New Discovery Identifies a Promising Treatment Strategy for an Aggressive Soft Tissue Cancer

July 9, 2026

Study Overview

Researchers set out to identify tumor suppressors involved in the development of undifferentiated pleomorphic sarcoma (UPS), a common adult soft tissue sarcoma that has historically lacked clear, recurrent driver mutations to target for therapy.

Key Findings

  • Discovery of a Tumor Suppressor: Using a customized in vivo CRISPR/Cas9 screen in mice, the team identified BRCA1-associated protein 1 (BAP1) as a powerful tumor suppressor in soft tissue sarcomas.

  • Immune System Impact: Sarcomas lacking the Bap1 gene were found to create a highly immunosuppressive tumor microenvironment, helping the cancer evade the immune system.

  • A Crucial Biomarker: In human cases of UPS, the researchers observed that BAP1 protein levels are typically reduced, while the expression of polo-like kinase 1 (PLK1) is elevated.

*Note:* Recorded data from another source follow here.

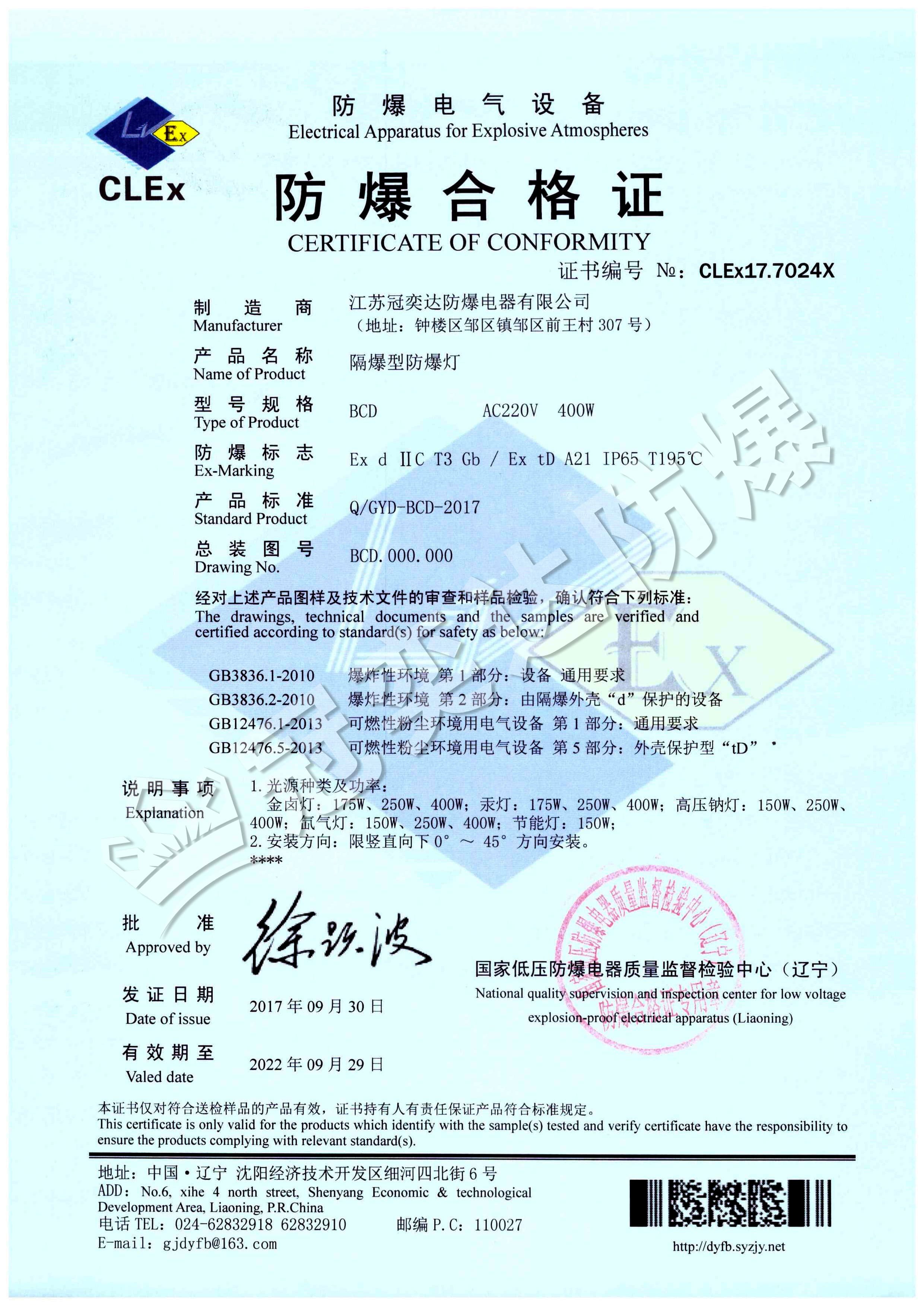 BCD隔爆型防爆燈合格證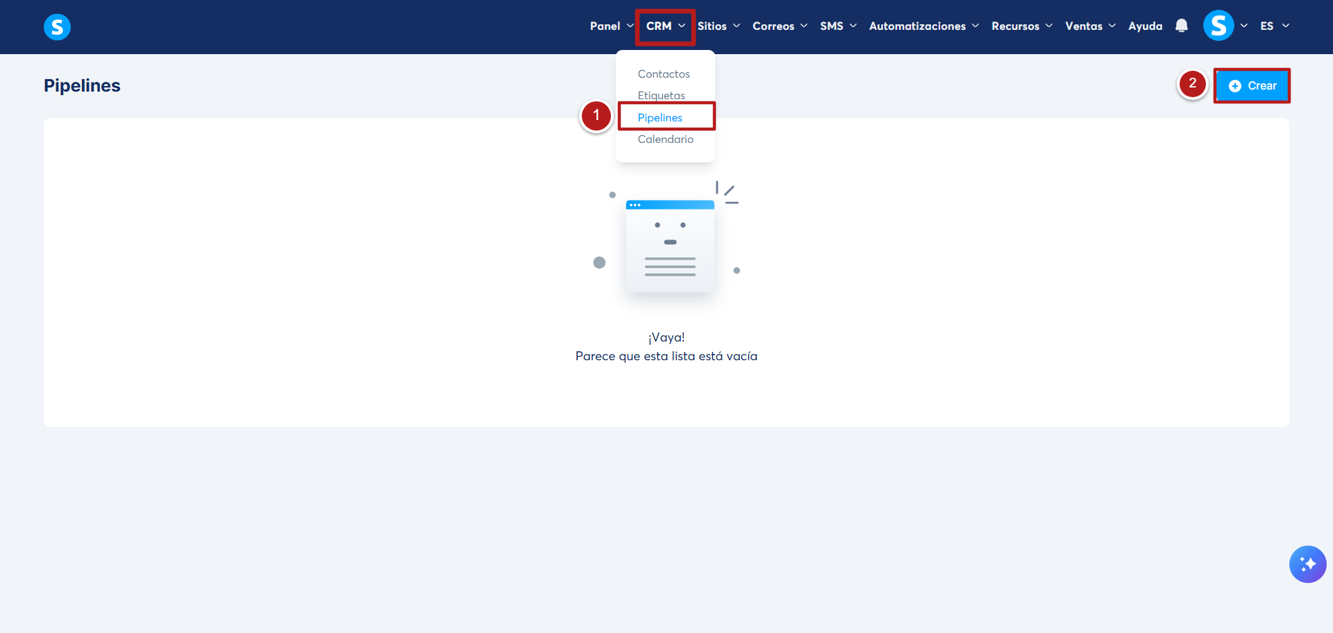 Para crear un pipeline en systeme.io, dirígete a la pestaña "CRM" del menú de la cuenta y haz clic en la sección "Pipeline" (número 1)
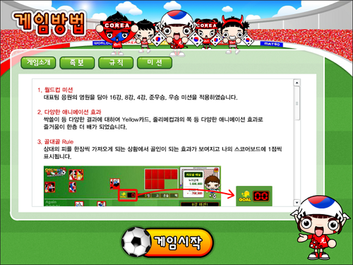 2010년 남아공 월드컵을 기념하여 제작되었으며, 축구장을 배경으로 귀여운 캐릭터들과 함께 맞고를 즐길 수 있습니다.

  • Tumor Vulnerability: Functional tests revealed that these Bap1-deficient sarcomas rely heavily on PLK1 to grow and survive.

Therapeutic Implications

The study highlights a promising new treatment path for this specific subset of sarcomas:

  • Targeting PLK1: Treating the tumors with volasertib, a drug that inhibits PLK1, significantly suppressed tumor growth in mouse models.

  • Combination Therapy: The most effective approach was combining the PLK1 inhibitor with anti-PD-1 therapy (an immune checkpoint inhibitor). This combination provided better tumor control and improved survival rates compared to using either treatment on its own.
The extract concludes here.